# My Kontakt Library could not load samples and nkr file when open in another computer



## kevinlee87 (Dec 29, 2013)

HI, I've made a string Kontakt Library.

I've saved my library with ncw samples and nkr file (and nkc)

But when I move them in another computer, it fail to find nkr and ncw samples!

I want it to be load perfectly at first time..

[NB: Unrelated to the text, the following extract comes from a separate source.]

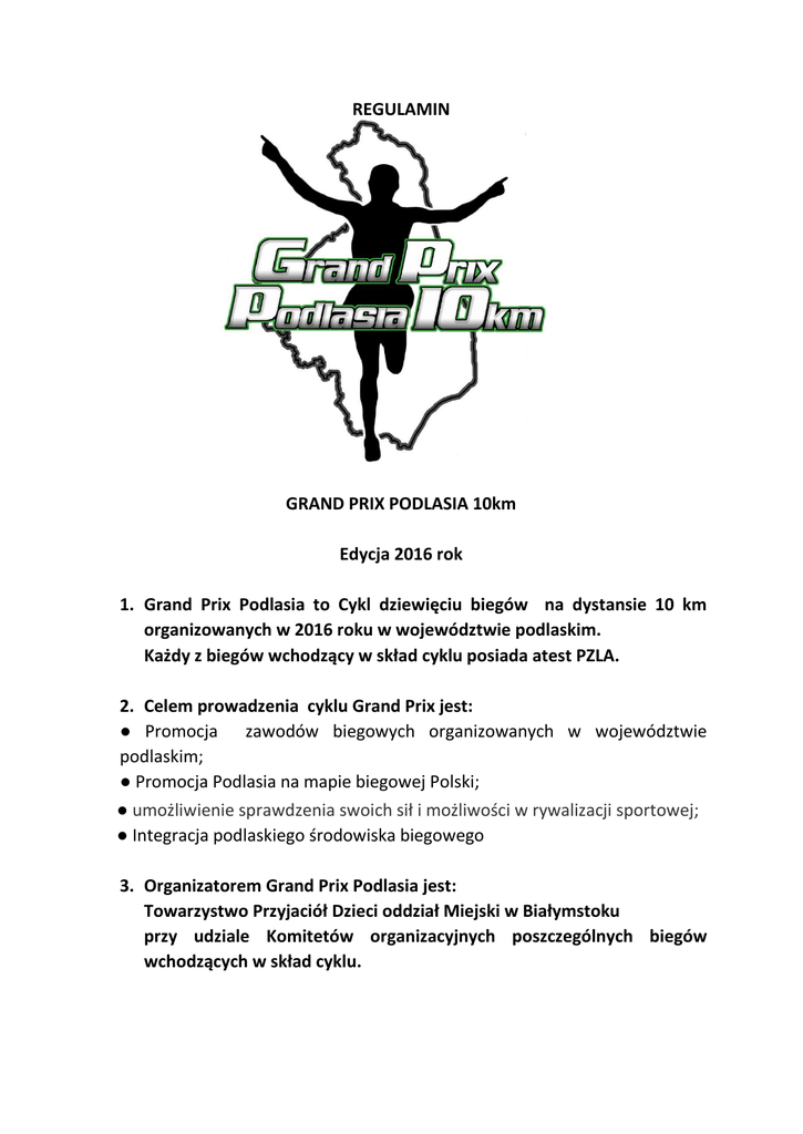 REGULAMIN GRAND PRIX PODLASIA 10km Edycja 2016 rok 1

What should I do to? Please help me!


----------



## ScoringFilm (Dec 29, 2013)

*Re: My Kontakt Library could load samples and nkr file when open in another computer*

Ensure that the resources folder is created in the root of the library folder and that you save it with relative file paths rather than absolute.

J


----------



## kevinlee87 (Dec 29, 2013)

*Re: My Kontakt Library could load samples and nkr file when open in another computer*



ScoringFilm @ Mon Dec 30 said:


> Ensure that the resources folder is created in the root of the library folder and that you save it with relative file paths rather than absolute.
> 
> J



Thanks for quick reply!

However, how to "save with relative paths"?


----------



## ScoringFilm (Dec 29, 2013)

See below and make sure that absolute sample paths is not ticked.

J


----------



## kevinlee87 (Dec 29, 2013)

I really appreciate for your help

Problem solved !!


----------